Work request
As the answer, give exactly the lines of the records below from the one with "Panelists: Roger Waters, Musician" through the one with "The golden aura", ends included and pictures left out.

Stored data entries:
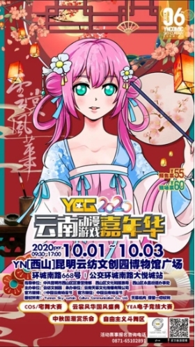 10月1日至10月3日,在昆明云纺文创园博物馆广场举办“第六届云南动漫游戏嘉年华”。届时将有COS宅舞大赛、云裳风华国风盛典、YEA电子竞技大赛、中秋国潮赏乐会、自由主义斗舞区等多种活动。
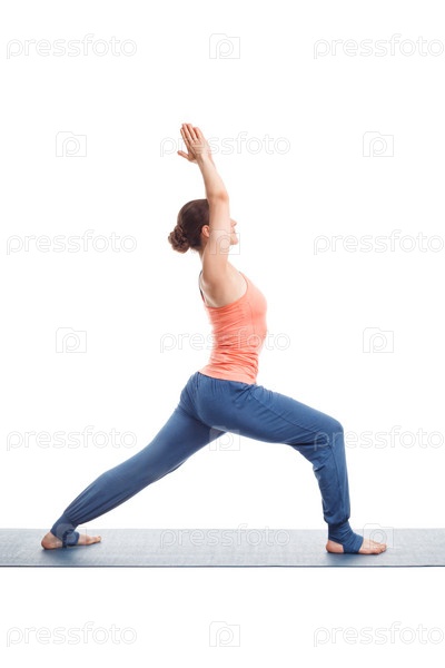 Женщина практикует асану йоги уттхита Вирабхадрасана
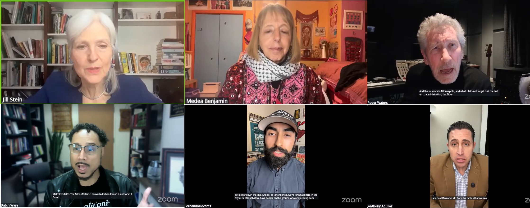 Panelists: Roger Waters, Musician and Human Rights Advocate; Medea Benjamin, activist & Co-founder of CODEPINK; Lt. Col. (Ret.) Anthony Aguilar, veteran, advocate, whistleblower; Dr. Butch Ware, historian and activist; Fernando Deveras, activist and organizer’ and Jill Stein, Green Party candidate for U.S. President in 2012, 2016 and 2024.
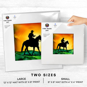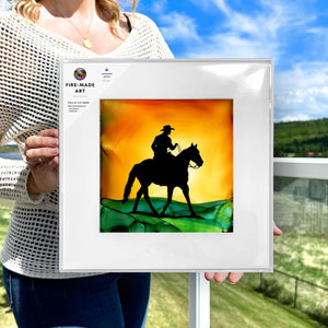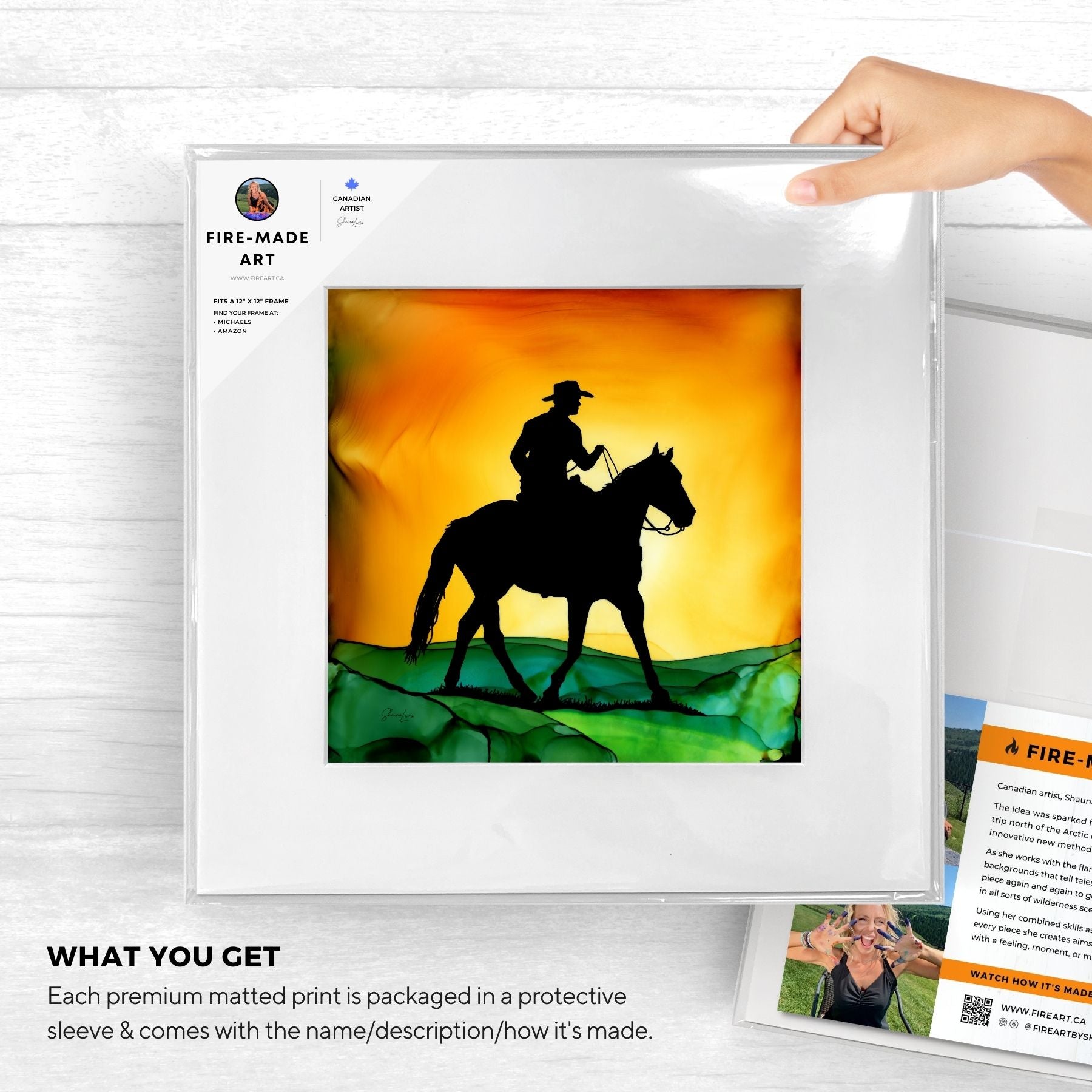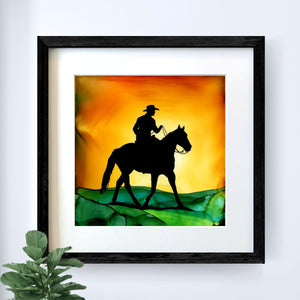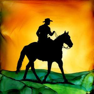 The golden aura that emerged from the fired ink inspired me to create this piece about living life free in the saddle- where a roaming rider returns in the soft, warm light of sunset.
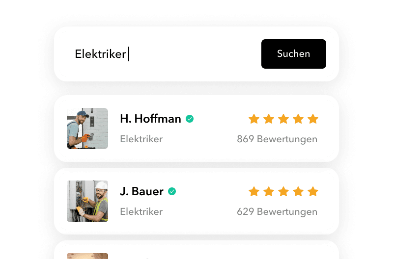 Wählen Sie aus einer großen Vielfalt aus vorab geprüften, hochqualifizierten Dienstleistern und Handwerkern Anbieter, denen Sie vertrauen können.
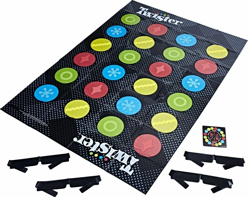 Ζήσε μοναδικές στιγμές με το νέο Twister. Θα πρέπει να έχεις δεμένα τα μάτια και να προσπαθείς να κινηθείς πάνω στο χαλάκι και να ψηλαφίσεις τα ανάγλυφα σχήματα για να βρεις το σωστό σημείο! Ετοιμάσου να ζήσεις με τη παρέα σου μοναδικές στιγμές γέλιου και διασκέδασης!Περιλαμβάνει: χαλάκι, 24 αυτοκόλλητα με σχήματα, ταμπλό σβούρας με βέλος και βάση, 4 καλύμματα για τα μάτια και 4 αυτοκόλλητα στερέωσης καλυμμάτων.
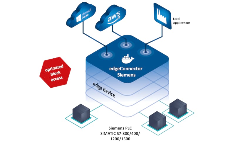 edgeConnector Siemens enables access to SIMATIC S7-1200 and S7-1500 data including optimized data blocks. Version v1.20 additionally supports SIMATIC S7-300/400 controllers. Client applications have access to data via the interoperability standard OPC UA. The product can be configured locally via a built-in web interface, or remotely via a REST interface. It seamlessly integrates with Azure IoT Edge and AWS IoT Greengrass and is made available via online repositories such as Docker Hub.
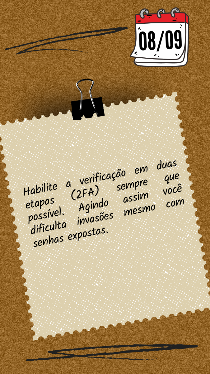 Habilite a verificação em duas etapas (2FA) sempre que possível.
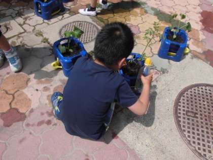 大事に育てたチューリップとお別れをして,野菜の苗を植えました。
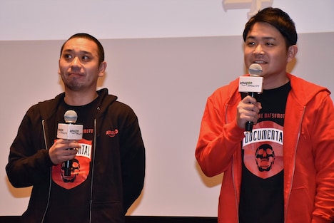 「芸人にとってドキュメンタルとは?」との質問には「自分のお笑いレベルを計れる場所」(くっきー)、「『面白い』は、なんなんやろ?と考えた」(大悟)、「タレントのバロメーターの『面白い』だけが試される一番怖い場所」(ノブ)と答える3人。イベント最後のまとめとして、くっきーは「田舎から日本一になろうと思って出てきた。俺が一番やと思って戦ってる。そんな姿を観てやってください。ヨロシクです」とまくしたて、大悟は「芸人が身体だけで笑かして、笑うのを我慢する。実はシンプル。お笑い好きは観てください」、ノブは「ずっと笑えるシーンになってる。くっきーさんが今回は神がかってる。芸人もカッコいいところがあるんだなと思って観てください」と話し、それぞれ発言の最後にポーズを取っていた。

Reply
 Panelists: Roger Waters, Musician and Human Rights Advocate; Medea Benjamin, activist & Co-founder of CODEPINK; Lt. Col. (Ret.) Anthony Aguilar, veteran, advocate, whistleblower; Dr. Butch Ware, historian and activist; Fernando Deveras, activist and organizer’ and Jill Stein, Green Party candidate for U.S. President in 2012, 2016 and 2024.
 The golden aura that emerged from the fired ink inspired me to create this piece about living life free in the saddle- where a roaming rider returns in the soft, warm light of sunset.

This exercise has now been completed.